PR 4 of the #4247 unification stack. Adds triggered_org_id to agent_compliance_runs so per-org scoping of the new agent_context_with_latest_test view is accurate. Without it, two orgs that own the same agent URL would conflate test history. Owner-test write path in evaluate_agent_quality populates it from the caller's organizationId; heartbeat/manual/webhook leave it NULL. agent_context_with_latest_test view: agent_contexts.* joined LATERAL to the latest non-dry-run agent_compliance_runs row scoped by (triggered_org_id, agent_url), plus COUNT for total_tests_run. agent-context-db.ts readers (getByOrganization, getById, getByOrgAndUrl) SELECT from the view and alias canonical_last_test_* → last_test_* so callers see no shape change. Legacy columns stay for backward compat — third-party recordTest() writes still hit them (session-scoped audit retained per PR 3). The columns + recordTest retire in the follow-up "final cleanup" PR that drops agent_test_history. Stacked on #4264 → #4263 → #4250.

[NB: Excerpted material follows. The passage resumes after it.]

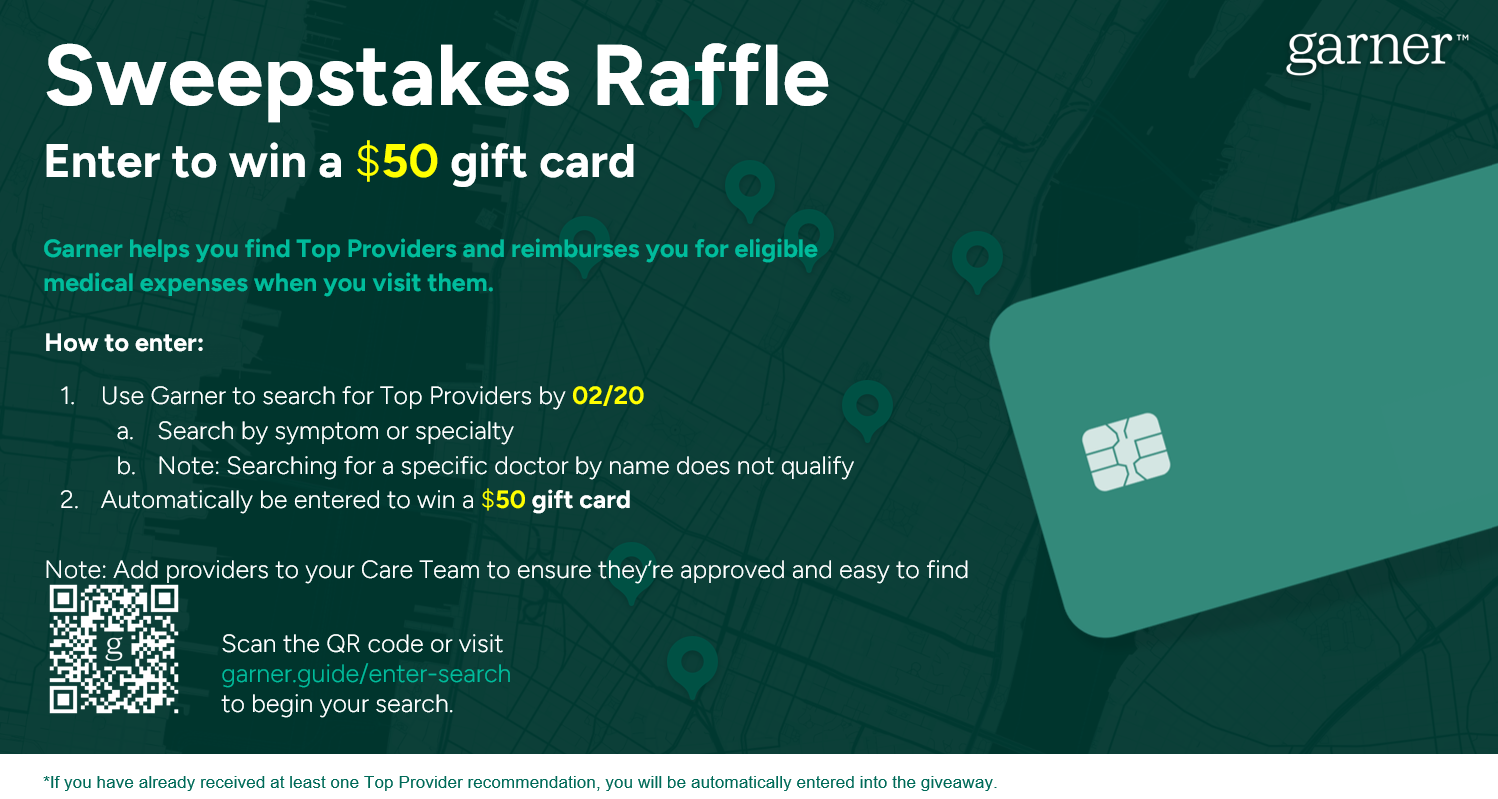 Entry Period 1/1/2026 — 2/20/2026. Eligible only to those who (i) are, as of the date of entry, 18 years of age or older or the age of majority in their state of residence (19 in Alabama, Nebraska, 21 in Mississippi, and 18 in all other states), (ii) are enrolled in Sponsor’s HDHP, Value PPO, PPO, J1 Visa Plan (iii) are current employees of Versiti, (iv) have created a Garner Health account and performed at least one (1) Search using the search function in the Garner app or on the Garner website prior to 2/20/2026, and (v) are legal residents of the United States. Void where prohibited. Contact KPatterson@versiti.org to see Official Rules for full details. NO PURCHASE NECESSARY.
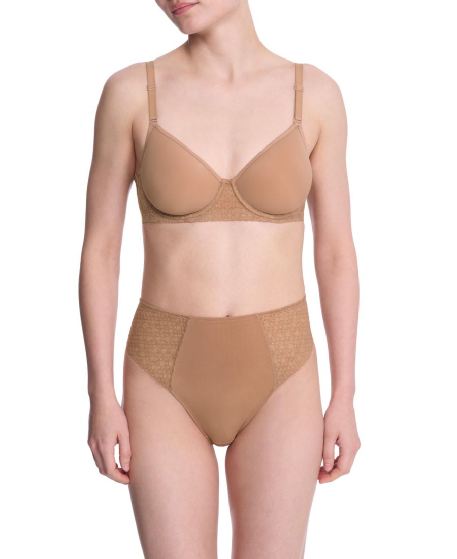 Нижние чашки имеют подкладку для поддержки и бесшовного прилегания к телу. Верхние чашки без подкладки, с эластичным кружевом и резинкой в области декольте

bokelley · 2026-05-09T00:02:54Z

Code review (expert pass): solid, minor nits — but blocked by #4264 in the chain.

Nits (non-blocking):

agent_compliance_runs.triggered_org_id is TEXT, not FK to organizations.id/workos_organization_id. No referential integrity; an org delete leaves dangling rows. WorkOS IDs are foreign-system so a hard FK isn't appropriate, but a comment or partial CHECK on shape would help.
last_test_scenario derivation tracks_json -> 0 ->> 'track' is a semantic shift from the literal 'quality_evaluation' to a track name. Grep confirms no callers branch on the string, so safe — but call out in the changeset for downstream consumers.

View is plain CREATE OR REPLACE VIEW (not SECURITY DEFINER), inherits caller's RLS, per-org scoping correct. No security concern.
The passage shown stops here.